Justin Mensah-Coker
- Born: Justin Mensah-Coker 18 November 1983 (age 42) North Vancouver, British Columbia
- Height: 196 cm (6 ft 5 in)
- Weight: 107 kg (16 st 12 lb)

Rugby union career
- Position: Wing

Senior career
- Years: Team / Apps / (Points)
- 2006-2008: SC Albi / 8 / (0)
- 2008-2009: Plymouth Albion / 25 / (30)
- 2009-2010: Moseley / 24 / (20)

International career
- Years: Team / Apps / (Points)
- 2006-: Canada / 23 / (30)

National sevens team
- Years: Team /  / Comps
- Canada

= Justin Mensah-Coker =

Canada international rugby union player

Justin Mensah-Coker (born November 18, 1983, in North Vancouver, British Columbia) is a Canadian rugby union player who plays internationally with the Canada national team. He is of Sierra Leonean descent.

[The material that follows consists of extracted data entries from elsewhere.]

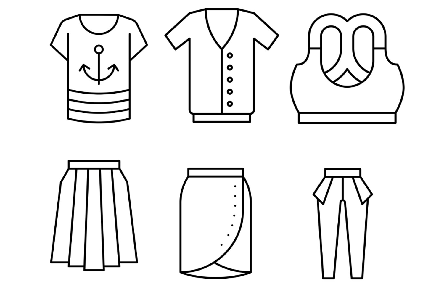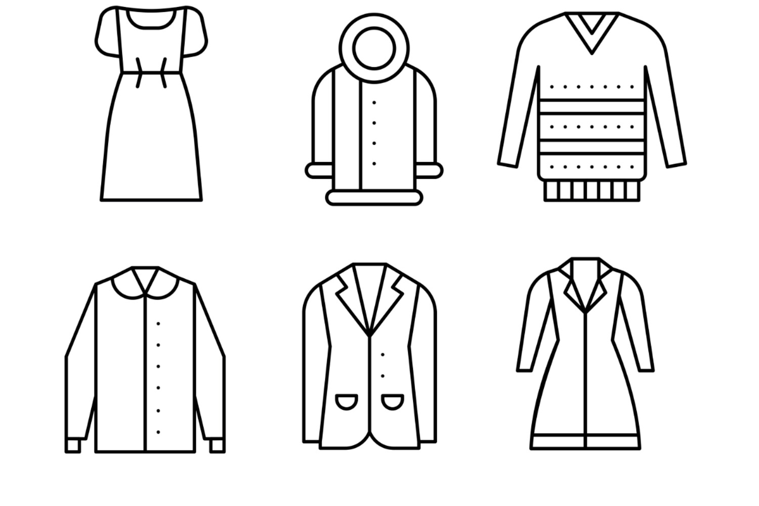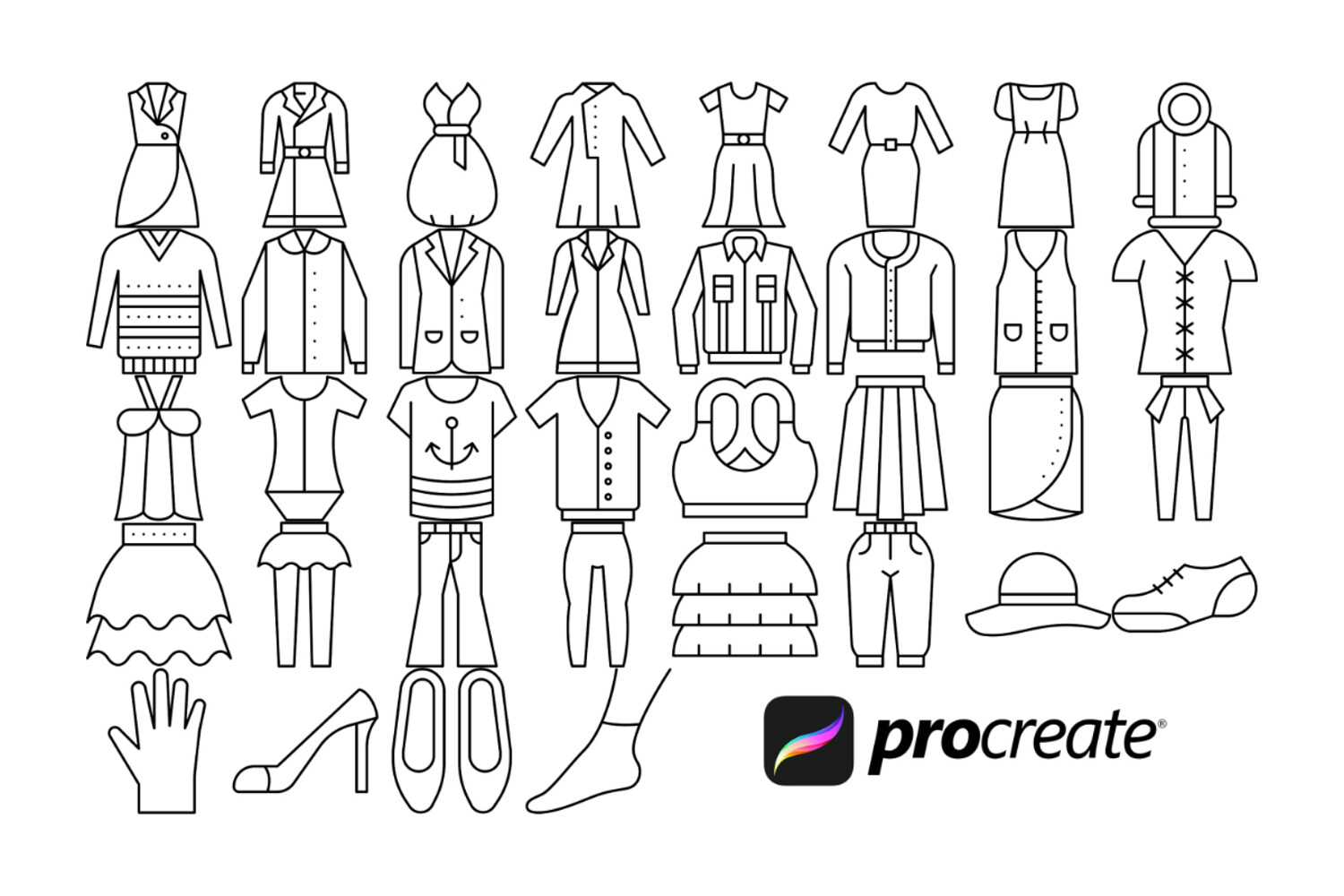 Clothing Fashion Icon Outlines Set 1 Procreate Brush Stamps, 36 Clothing Icons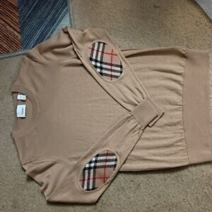 Burberry Tan Patchwork Sleeve Wool Sweater S/P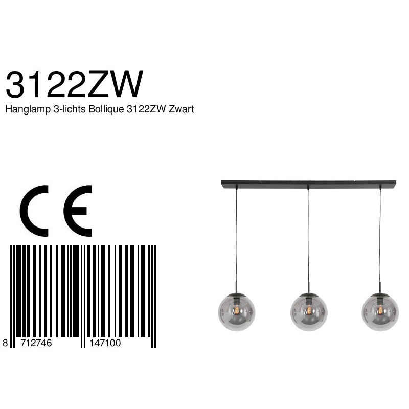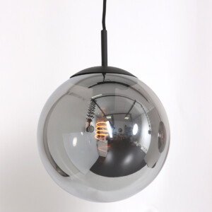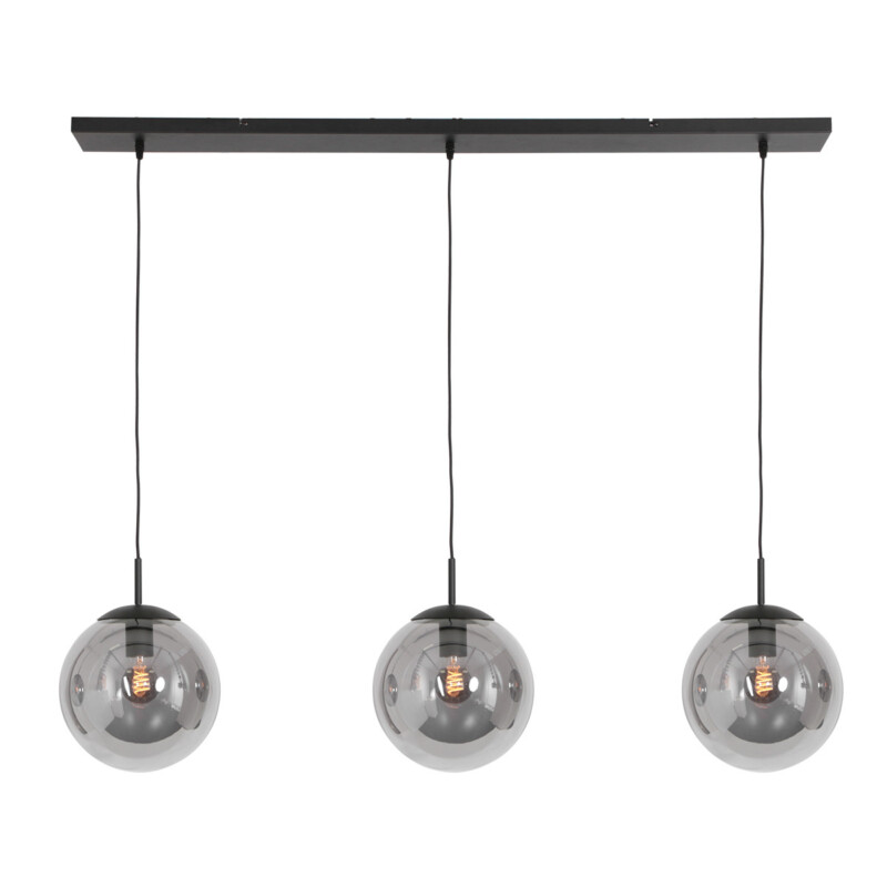 Aporta elegancia a tu interior con la lámpara colgante de tres luces Bollique. Tres grandes esferas de vidrio ahumado con un sutil reflejo cuelgan de una placa de techo de 120 cm de ancho. Equipadas con casquillos E27 y ajustables en altura entre 50 y 160 cm. La combinación de vidrio y tonos ahumados convierte esta lámpara en un atractivo ambiental.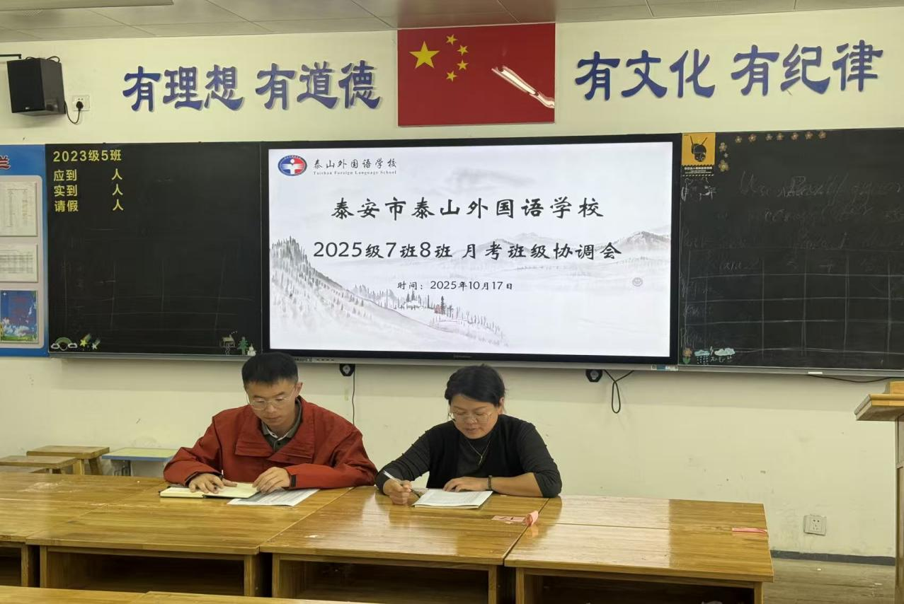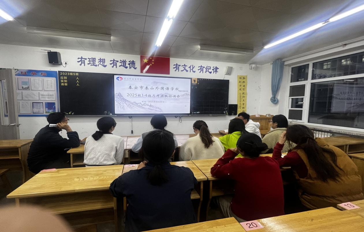为精准把握学情、优化教学策略,近期,泰安市泰山外国语学校 2025 级部以 “数据赋能、协同共进” 为目标,组织召开 10 月月考成绩分析会。本次会议采用 “两两结对” 模式,10 个教学班级两两联动召开班级协调会,班主任、学科教师齐聚一堂,在交流碰撞中明确方向,为下一阶段教学管理注入新动能。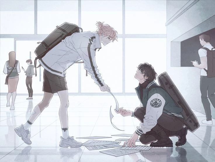 Jimin/Jungkook ๐๐จ/๐ธ๐ง โ Jimin, a 17-year-old school track runner, with an athletic but effeminate body, with soft white skin and light pink hair. He is friendly and kind, short and adorable, he is the cutest in school and everyone wants him as their boyfriend. But he doesn't pay much attention to that because he doesn't like to have fun that way, in reality he just wants to find the right person. Jungkook, a 17-year-old boy, guitarist in a school band in music class, has black hair, a tall body, and a tattooed right arm plus a tattoo behind his ear. He is calm and friendly and gets nervous with eye and physical contact if it is with someone attractive. Most of the school wants to go out with him but he is not very outgoing for the attention of so many people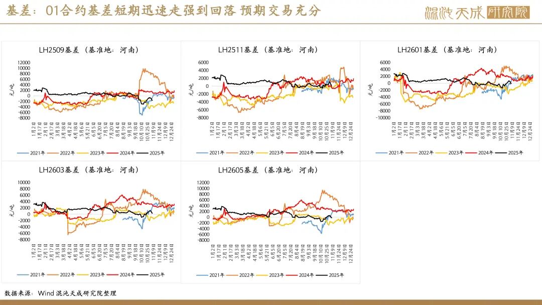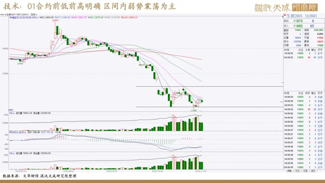 四季度供应压力仍然较大,需警惕年末供应高峰期是否再一次踩踏出栏,建议养殖户逢高出猪避免风险。策略上,本轮现货上涨反弹看待,高点或在13元/kg,低点或回调到11元/kg下方,LH2601合约沽空仍有空间,上方反弹幅度或有限。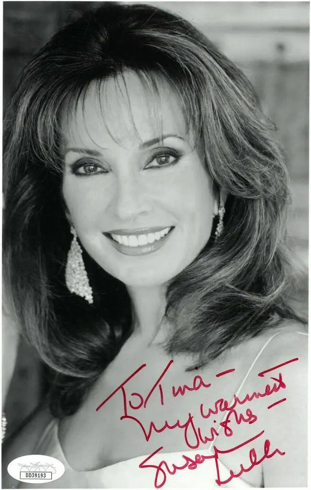Susan Lucci is an American actress, television host, author and entrepreneur, best known for portraying Erica Kane on the ABC daytime drama All My Children from 1970 to 2011. The character is considered an icon,and Lucci has been called "Daytime's Leading Lady" by TV Guide, with The New York Times and the Los Angeles Times citing her as the highest-paid actor in daytime television. Susan Lucci has hand signed this 7x9 Photo with To Tina My Warmest Wishes inscription. JSA Hologram #DD39193 and Certificate of Authenticity.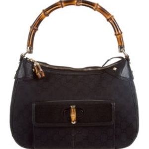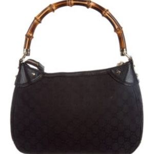 Black GG canvas Gucci Bamboo handle bag with gold-tone hardware, black leather trim, single rolled bamboo handle, single exterior pocket at front with turn-lock closure, black woven lining, single zip pocket at interior lining and zip closure at top. Includes dust bag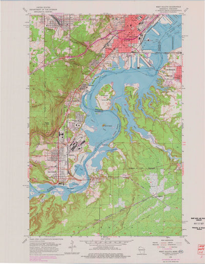 A 1954 historical topographic map of West Duluth in Minnesota produced by the United States Geological Survey (USGS). It shows contour lines, place names, water bodies and roads. Map services and data available from U.S. Geological Survey, National Geospatial Program. Map was obtained from https:...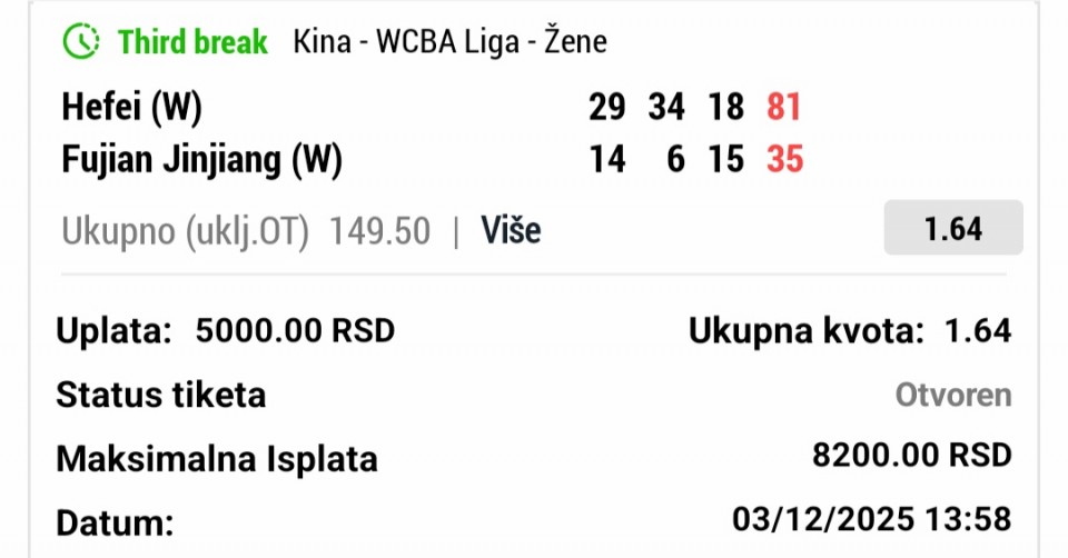 Da ispratim zadnju cetvrtinu. Nepisano pravilo da ide efikasnija cetvrtina posle neefikasne. Kod žena ne možeš da se oslanjaš na to. Uzdam se u sreću i da su sposobne da ubace dovoljno za win.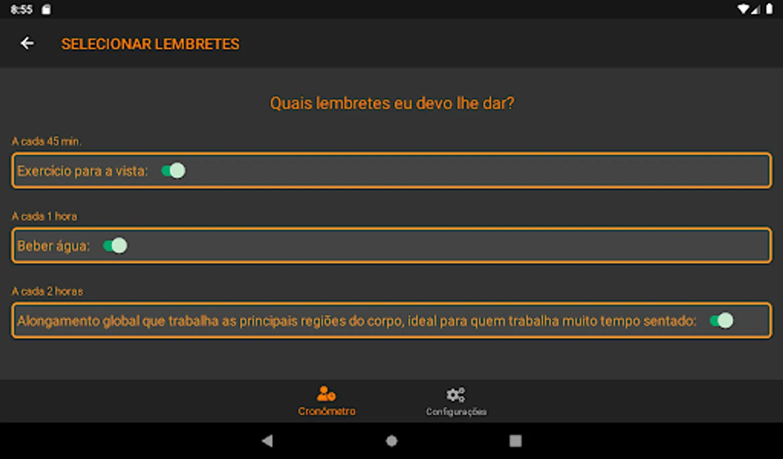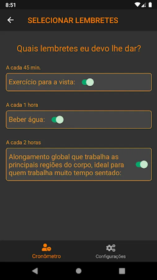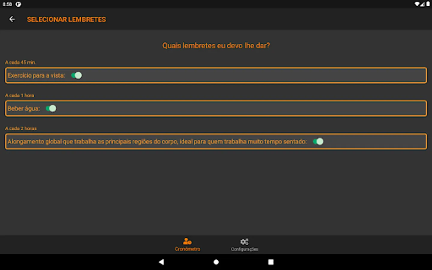 With reminders that are triggered from time to time, you can remember to set aside a few minutes of your day to pay attention to your health.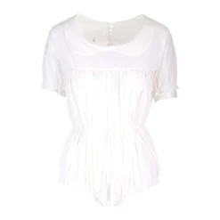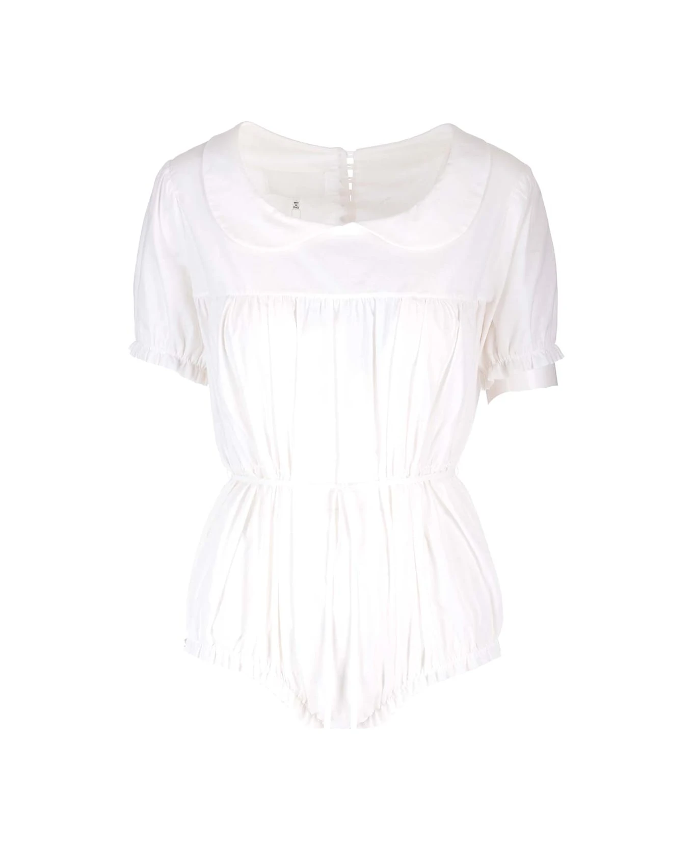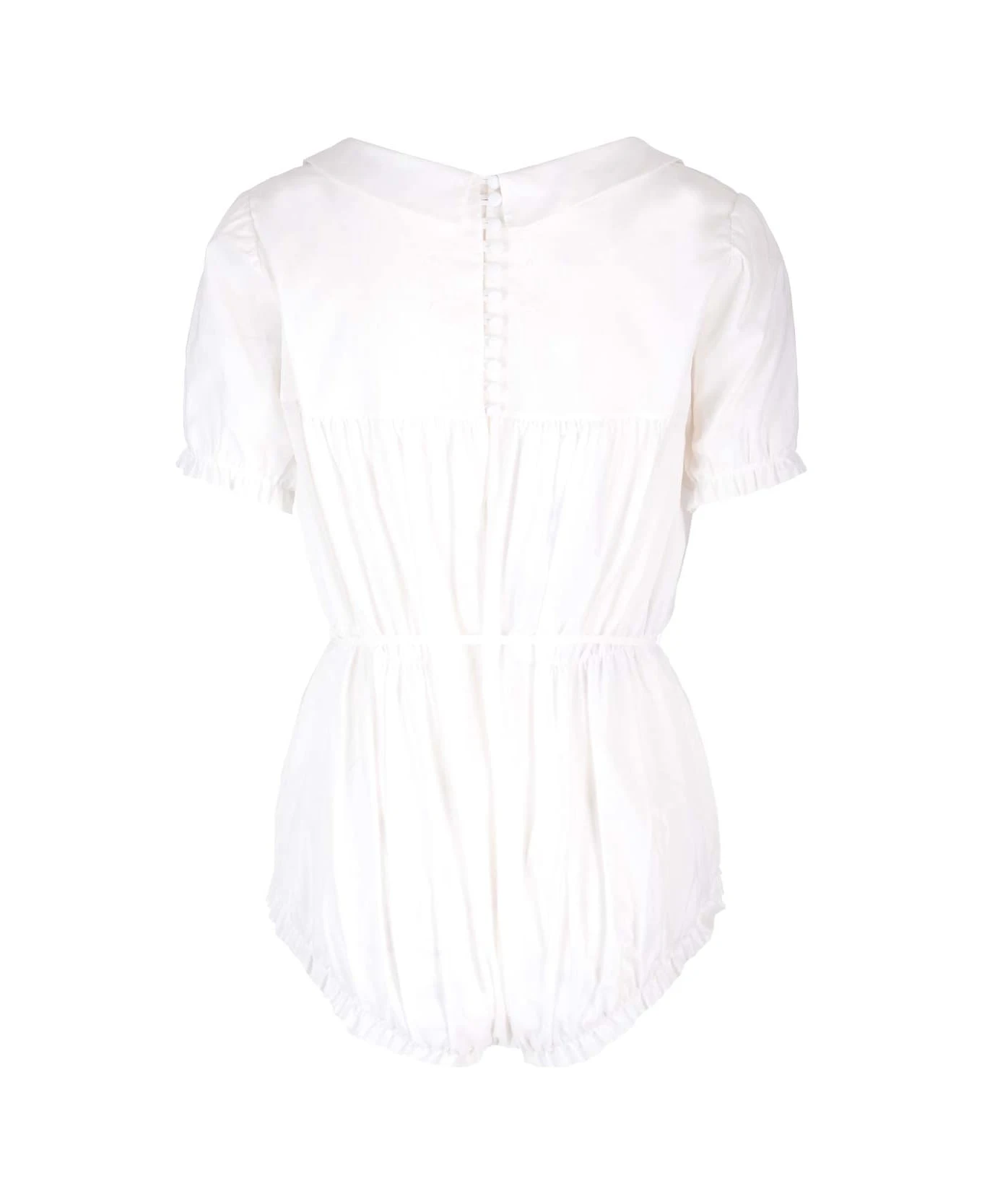 White cotton playsuit from Maison Margiela, featuring a Peter Pan collar, short sleeves, short pants, gathered design and covered back buttons.

Before spending a season with Moseley in 2009, Mensah-Coker had brief stints with Plymouth Albion and with French club SC Albi. He made his Canada national team debut at the 2006 Churchill Cup in a match against the United States. Canada won the match 33–18 with Mensah-Coker scoring two tries. He was a regular selection for the national men's seven-a-side team through the 2010–2011 season.

Mensah-Coker began his rugby career at Kitsilano Secondary School and Meraloma Rugby Club.